The use of MRI guided hypofractionated radiation to improve compliance and minimize toxicity in locally advanced cervical cancer
Faculty and Abstracts
Purpose: The standard treatment for locally advanced cervical cancer is definitive radiation (RT) with a brachytherapy boost and concurrent chemotherapy. The treatment duration is prognostic for survival; thus, it is recommended to complete this RT course within 56 days. Recent publications demonstrate improved outcomes and decreased toxicities using IMRT with daily image guidance and image-guided adaptive brachytherapy. Despite these advances, organ motion and treatment burden are continued challenges. Targeting the uterine cervix can be challenging as it is a mobile pelvic structure, with large inter and intra-fraction anatomical changes, requiring large margins to accommodate daily variations with resultant bowel toxicity. In addition, these women may face significant treatment challenges and socioeconomic barriers to care. There are limited series evaluating hypofractionated RT in patients with cervical cancer with some success, with an ongoing Canadian prospective trial evaluating the feasibility of hypofractionated CT-based radiotherapy; however, MRI-guided hypofractionated pelvic RT has not yet been explored. The major concern with hypofractionated RT is the risk of late bowel and bladder toxicity; however, this has not yet been validated. The potential benefits of improved target coverage, reduced dose to organs at risk due to tighter margins, and increased treatment compliance due to reduced treatment time make MR-Guided hypofractionated Pelvic RT an attractive approach.

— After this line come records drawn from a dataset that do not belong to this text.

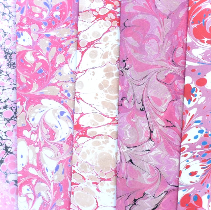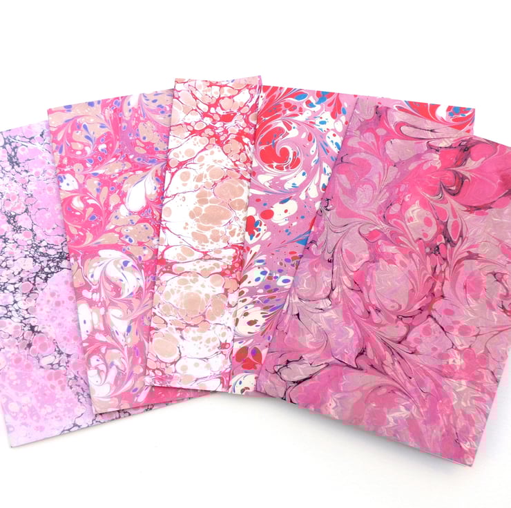 This listing is for a beautiful set of 5 printed A6 folded blank note cards featuring 5 different printed marbled paper patterns in a pink and red colourway. Now on sale as they have old information on the reverse.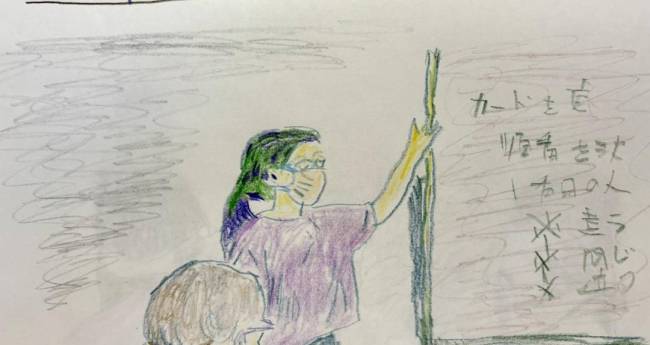 毎月参加している埼玉県春日部失語症友の会で、毎月絵をかいていますが、今回は入院中のため、写真を送って頂いて絵をかきました。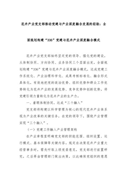 【七哥公文】2025年:花卉产业党支部推动党建与产业深度融合发展的经验:全面规划构建“336”党建与花卉产业深度融合模式+更多免费公文+VX:QiGeGongWen2024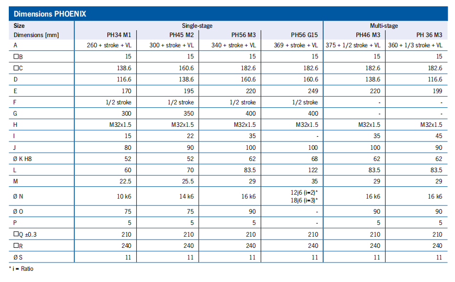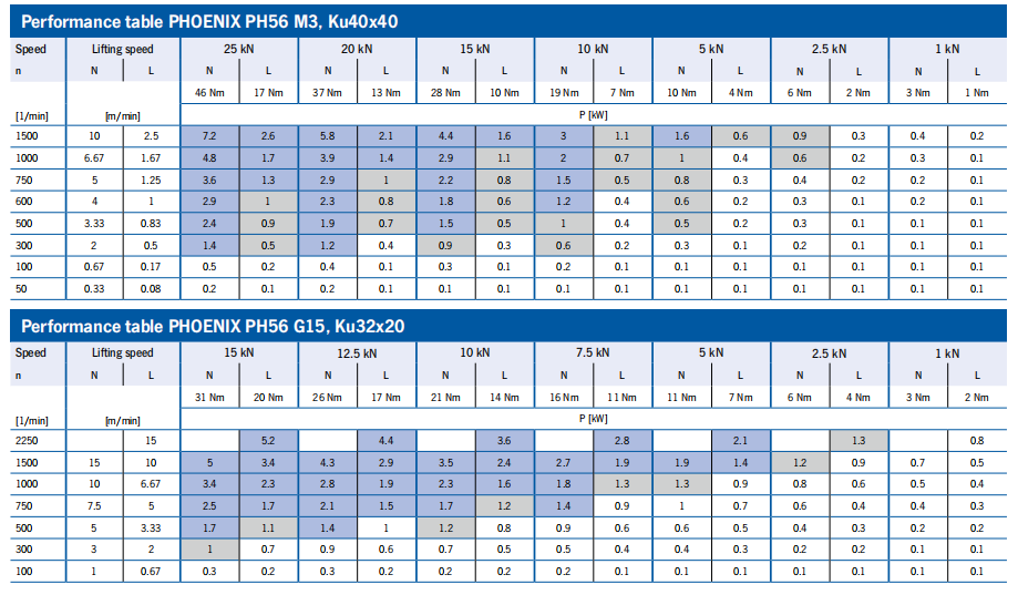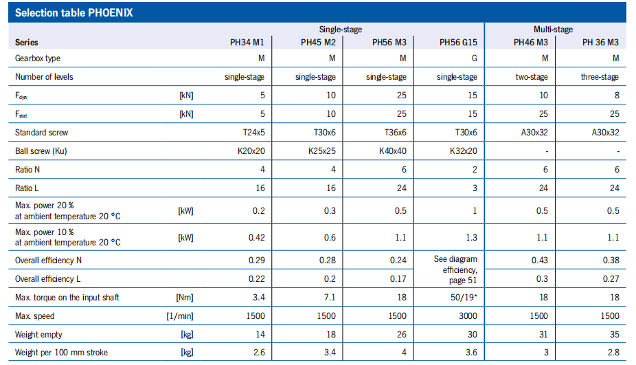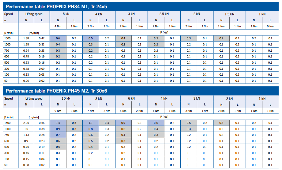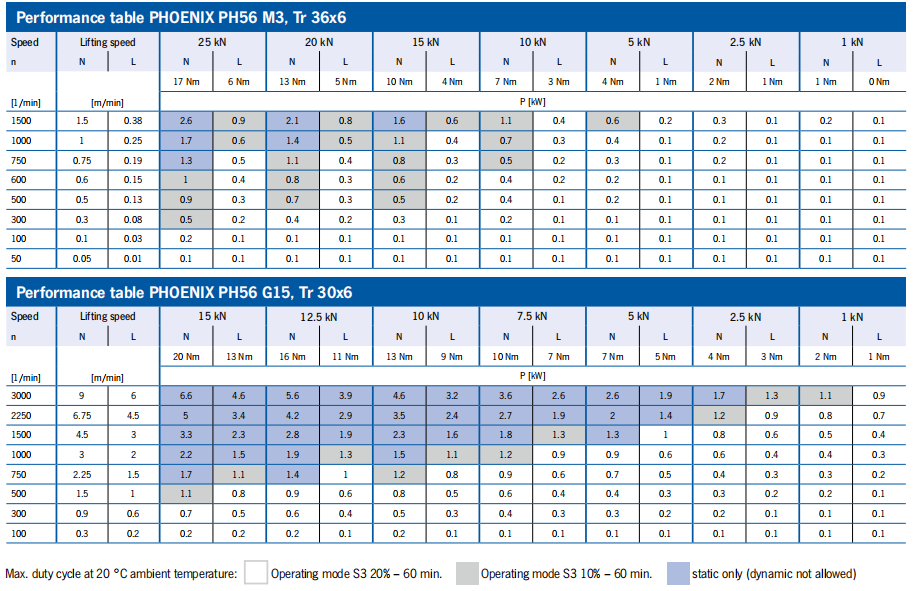 性能表 SINGLE-STAGE = 梯形螺釘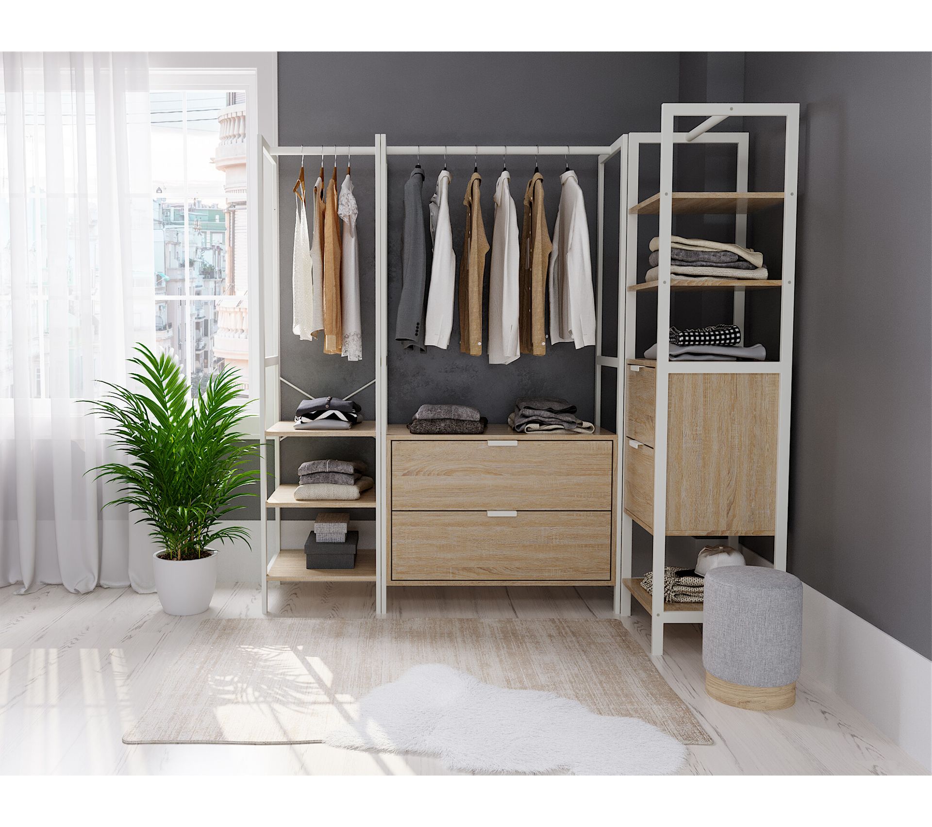 Dressing ouvert, modulable avec 2 autres éléments SHELVA blanc et imitation chêne Kit dressing BUT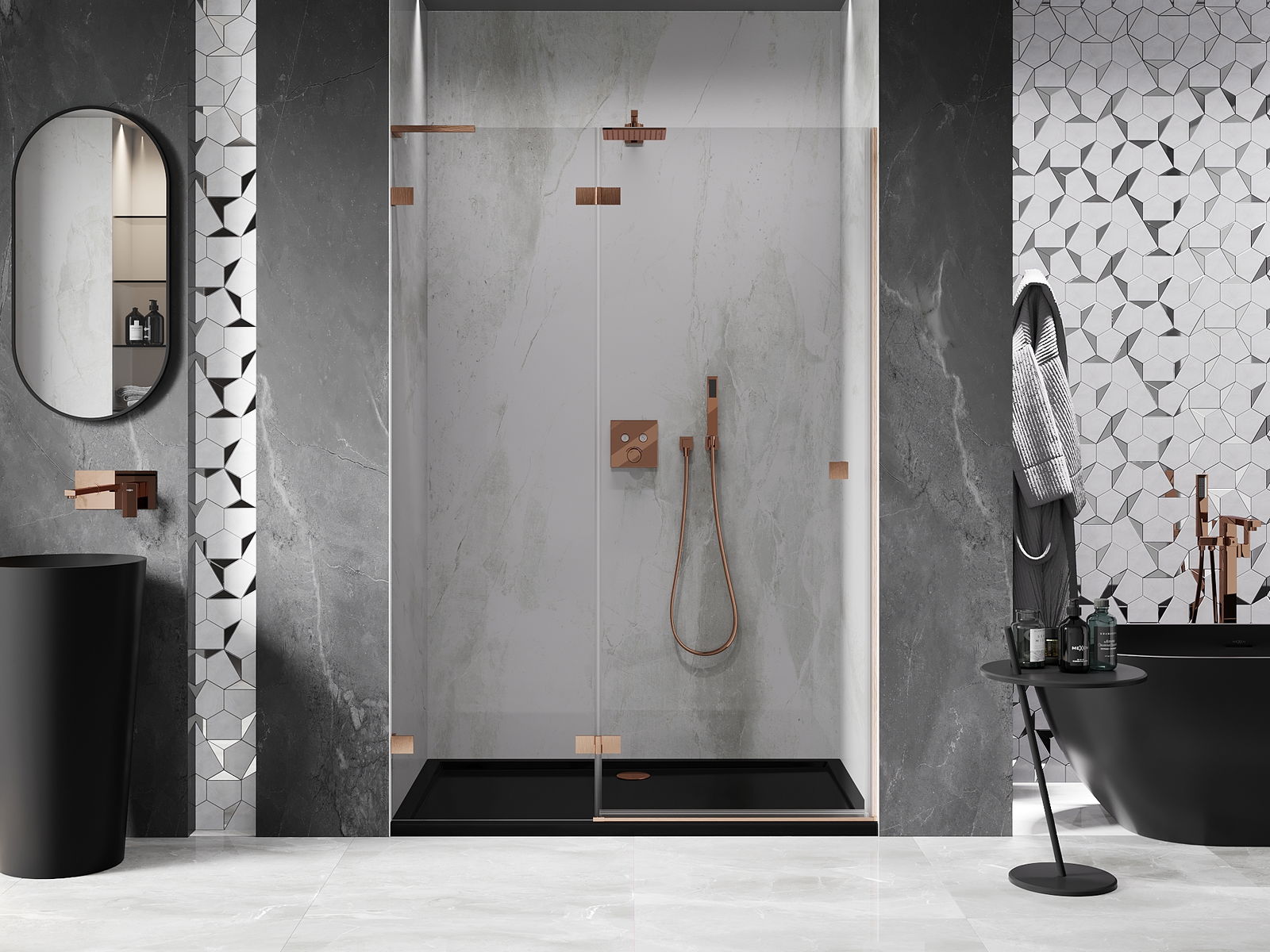 Spony a závěsy byly vyrobeny z velmi odolné mosazi a navíc vytvářejí zarovnanou plochu skla. Je to vynikající volba, která kombinuje eleganci, odolnost a moderní design. Díky těmto řešením získává sprcha na estetice a zároveň usnadňuje udržování čistoty.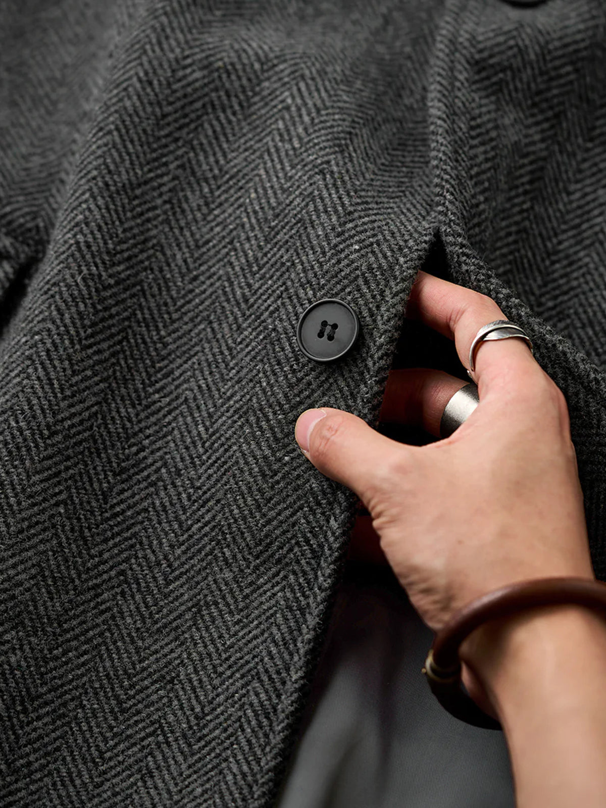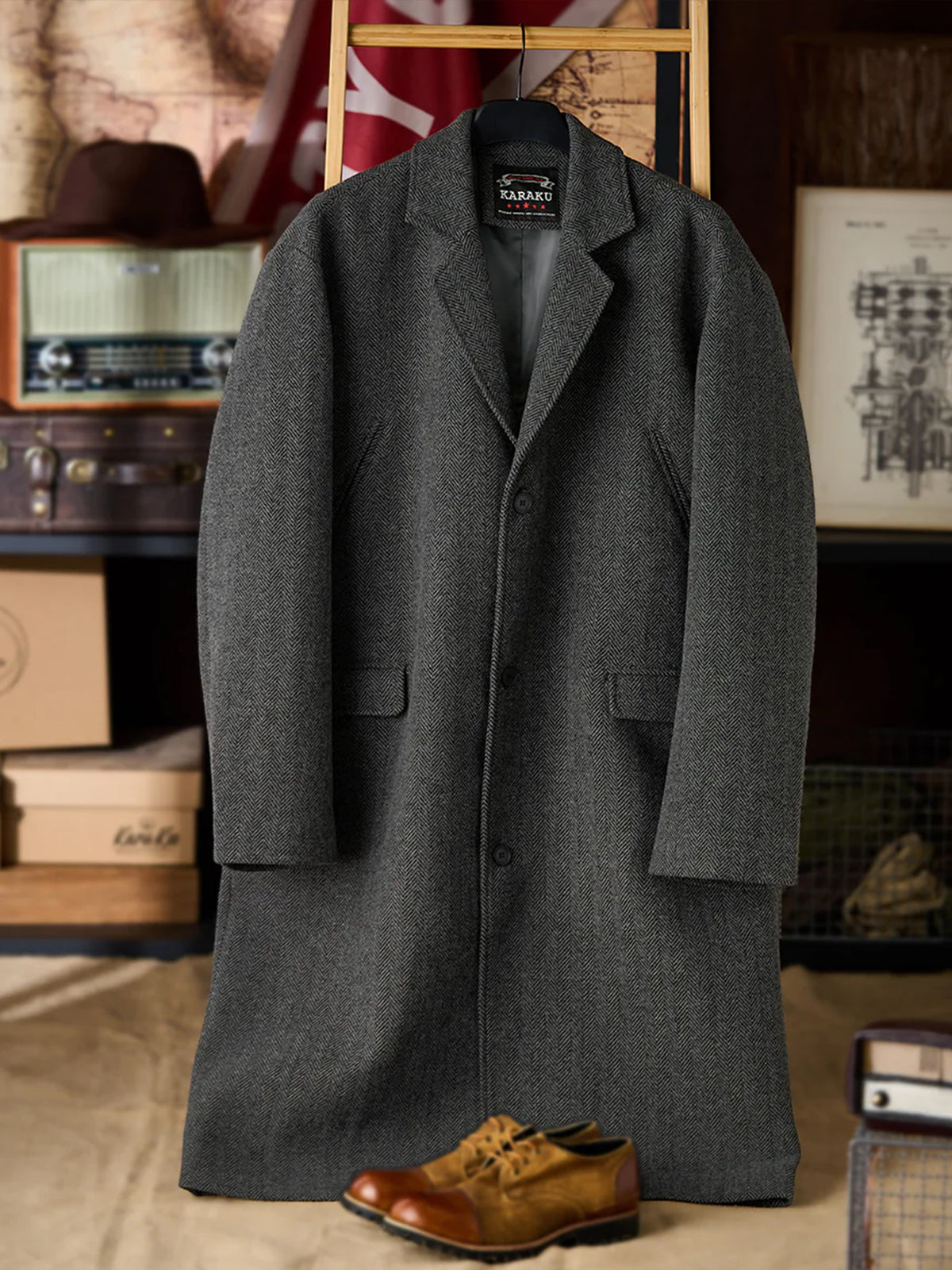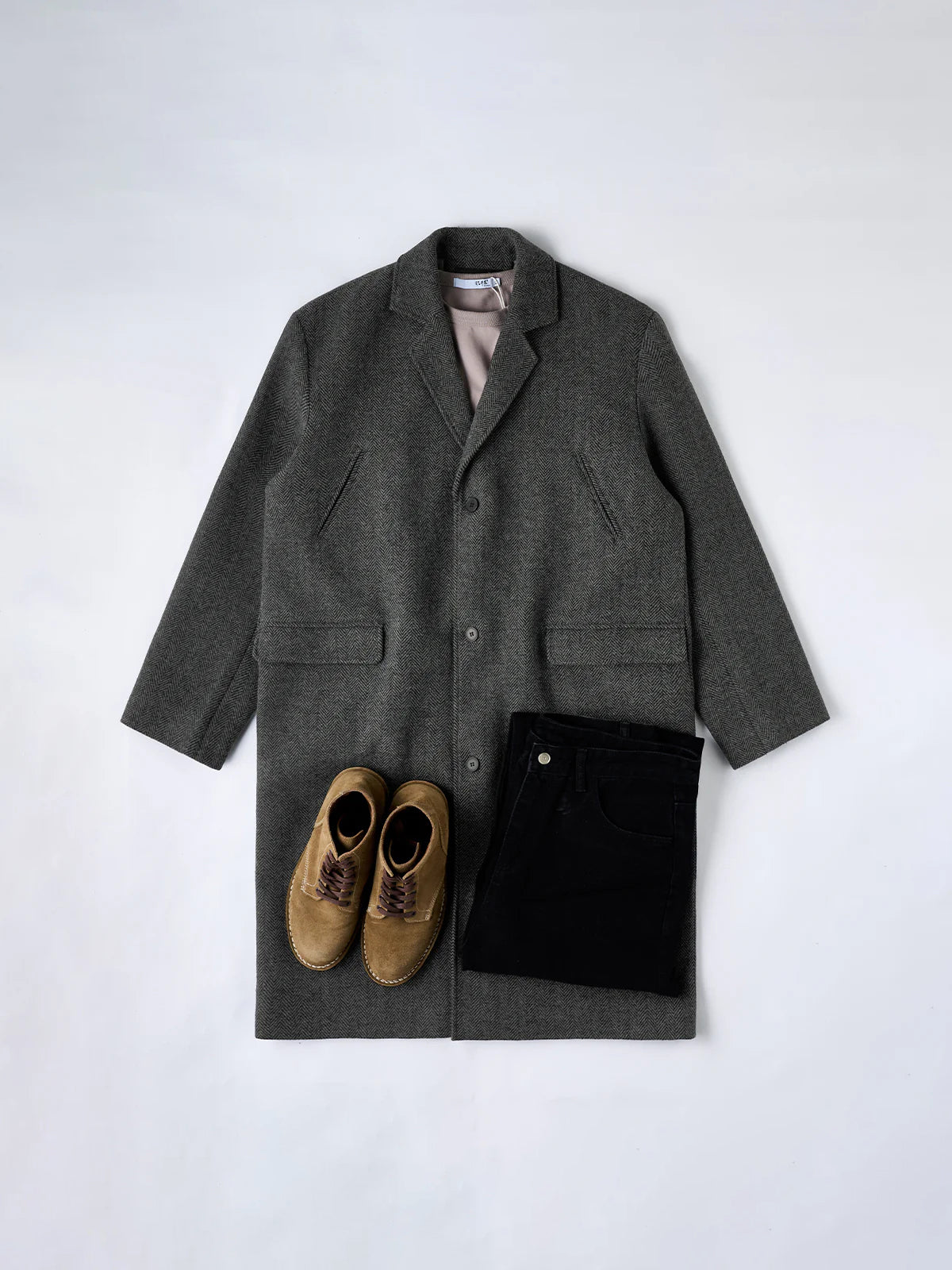 [Pre-Order] Business & Casual Herringbone Wool-Blend Tweed Long Coat

Methodology: A retrospective five-year chart review of definitively treated cervical cancer patients will be completed, assessing for number treated, staging, field size, target volumes, acute/late toxicities, and treatment duration. Eligible patients will be planned for concurrent MRI-guided EBRT with weekly Cisplatin, followed by a 4-5 fraction HDR brachytherapy boost. RT planning to include IMRT to a dose of 40Gy in 15fx, treated once daily over 3 weeks. Imaging sequences will be repeated and retrospectively evaluated for radiomic features. CTCs to be collected during and following treatment, assessing for patterns and indicators to predict treatment response. Patients will complete standard HDR brachytherapy boost, utilizing daily treatment MR image for planning. Patients will undergo regular surveillance imaging to assess for tumor response. Acute and late toxicity will be assessed by physicians weekly and at follow-up. Patient reported QoL questionnaires assessing bowel, bladder, vaginal metrics, and financial toxicity to be completed prior to, during, and following treatment. Statistical analysis of data of both previously treated patients and enrolled trial patients followed by comparison of trial outcome parameters.
Results: NA
Conclusions: This study would constitute the first prospective evidence of feasibility of MRI-guided hypofractionated pelvic RT, assessing if it will lead to smaller treatment volumes, decreased toxicity, improved compliance, and improved patient reported outcomes. Hypofractionation will decrease systemic treatment burden, potentially offsetting national chemotherapy shortages. Finally, it will evaluate radiomic tumor features and CTCs and then correlate to patient outcomes.